Rien ne pousse à l’ombre des grands arbres et pourtant, au pied du château, la ville de Versailles recèle maints trésors, souvent cachés et méconnus. Parmi ceux-ci, trois chefs-d’œuvre qui offrent un magnifique panorama de l’architecture religieuse néoclassique dans la seconde moitié du XVIIIe siècle : la chapelle de la Providence à la cathédrale Saint-Louis, la chapelle du lycée Hoche et la chapelle de l’ancien hôpital Richaud.
Trois édifices, conçus chacun à une décennie d’écart, sont l’œuvre de grands architectes. À l’architecture novatrice, tel un manifeste du renouveau classique, de Louis-François Trouard, pour la chapelle des catéchismes de l’église Saint-Louis (1764), répond, en 1782, la mâle et sévère rotonde de Charles-François Darnaudin pour l’hôpital royal. Cette dernière annonce déjà l’austérité monumentale de l’Empire, tandis que les grâces subtiles d’un palladianisme aimable parent la chapelle du couvent de la Reine (1772), due à Richard Mique, qui est sans conteste l’œuvre la plus exceptionnelle, la plus cachée aussi.

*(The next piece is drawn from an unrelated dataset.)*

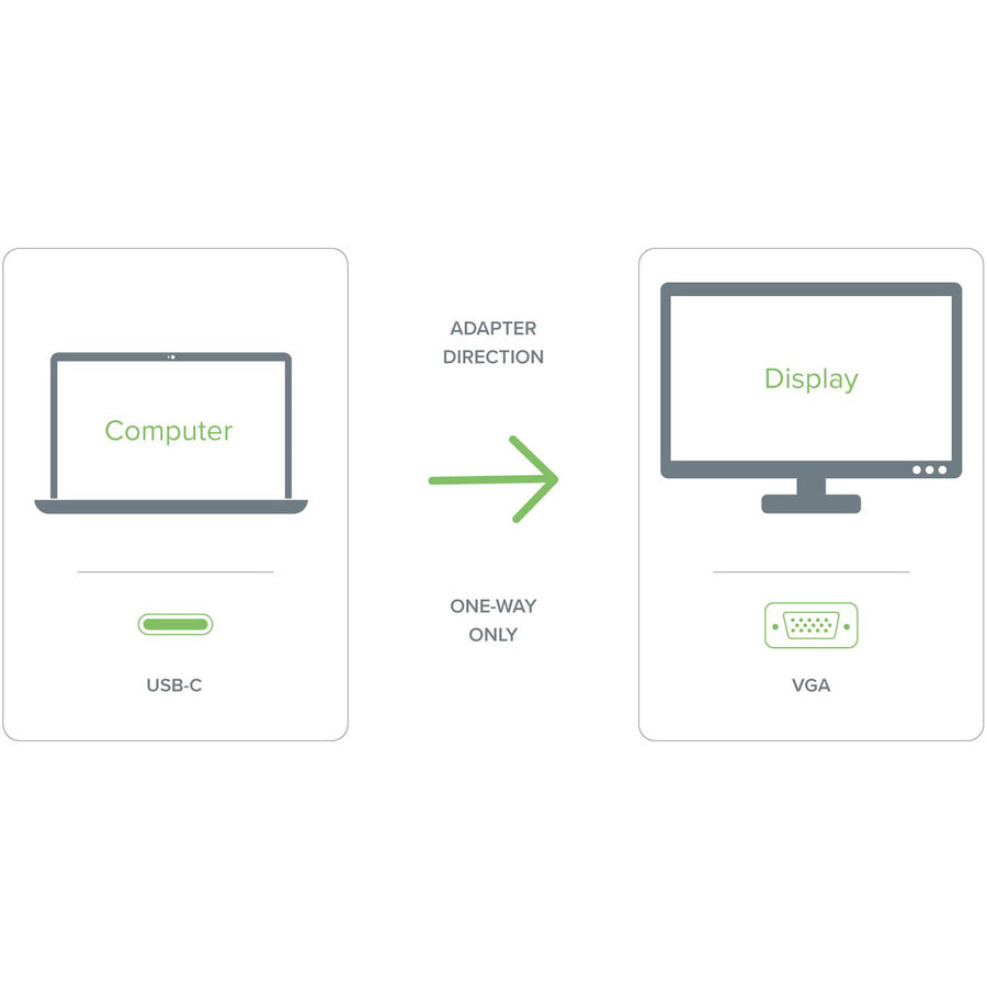 - USB-C TO VGA-Utilizes the native video capabilities of USB-C ports on supported computers to drive a VGA monitor with resolutions up to 1920x1200 @ 60Hz

La chapelle de la Providence, résolument novatrice
Si la construction du Petit Trianon par Ange-Jacques Gabriel dans les années 1760 est célébrée, à juste titre, comme l’acte fondateur du renouveau classique en France, celle de la chapelle des catéchismes de l’église Saint-Louis devrait l’être tout autant. Injustement oubliée, cette œuvre novatrice fut édifiée en 1764 par l’architecte Louis-François Trouard (1729-1794), contre le flanc oriental de l’église – qui deviendra la cathédrale Saint-Louis en 1797. Elle arbore le style sobre, pur et élégant, caractéristique du goût dit « néoclassique » qui émerge au milieu du XVIIIe siècle.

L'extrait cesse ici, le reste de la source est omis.